The Bush administration left one position on the five-member commission vacant for most of the last two years, leaving two Democrats and two Republicans on the board and often resulting in two-two tie votes. "Everything is pretty much deadlocked," said Martin.

Adding to discontent within the agency is the EEOC's move in November from its old location at 18th and L streets N.W. in the heart of downtown to its new headquarters in NoMa, the one-time industrial neighborhood north of Union Station that is being redeveloped with commercial and residential projects.

The agency leases more than three floors of space at "One Noma Station," on M Street, N.E., inside a converted warehouse surrounded by construction cranes. The EEOC corridors have a sleek, spare look, with red and white decor and glass doors.

"Employees hate it," said Martin. "There just are not a lot of amenities. The area will be up and coming, but not everyone is of the mindset of being the first ones."

Complaints are common about temperature fluctuations, tight quarters and the lack of underground parking, banks, and restaurants. Beyond that is a sense that the civil rights agency has been moved off the beaten track, particularly in comparison to the previous downtown location.

In addition to the headquarters, the new location houses the EEOC's Washington field office. EEOC officials worry that the tight security at the building ¿ the space is also shared with the Bureau of Alcohol, Tobacco, Firearms and Explosives - may discourage some discrimination victims from entering the office to file a complaint.

"A field office should be in a place where it's easily accessible," said Andrew. "At One NoMa, a member of the public who wants to file a complaint can't just walk in. They have to be screened and escorted."

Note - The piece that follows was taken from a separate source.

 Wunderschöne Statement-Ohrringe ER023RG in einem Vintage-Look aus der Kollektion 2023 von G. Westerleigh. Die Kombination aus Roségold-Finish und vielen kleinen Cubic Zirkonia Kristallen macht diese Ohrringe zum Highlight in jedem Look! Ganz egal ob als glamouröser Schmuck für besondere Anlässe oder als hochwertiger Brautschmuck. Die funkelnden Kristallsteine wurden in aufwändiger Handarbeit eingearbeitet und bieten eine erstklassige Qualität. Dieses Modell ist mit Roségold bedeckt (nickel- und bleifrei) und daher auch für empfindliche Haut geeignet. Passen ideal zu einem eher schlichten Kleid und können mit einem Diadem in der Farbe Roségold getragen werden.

With the arrival of a president who once worked as a civil rights attorney, EEOC employees say they are hoping the agency will see better times.

"The new Administration brings new possibilities to the EEOC," Ishimaru told staff members in his e-mail.

"Many employees are very hopeful, but it's tempered with concern about whether they can do things for us because of the wars and the bailout," said Martin. "We do have a lot of hope that with new leadership, we can get the staffing we need."

"People who work at this agency are committed," said Inzeo. "They've been doing their jobs. There's a good bit of optimism that we'll do good and better things."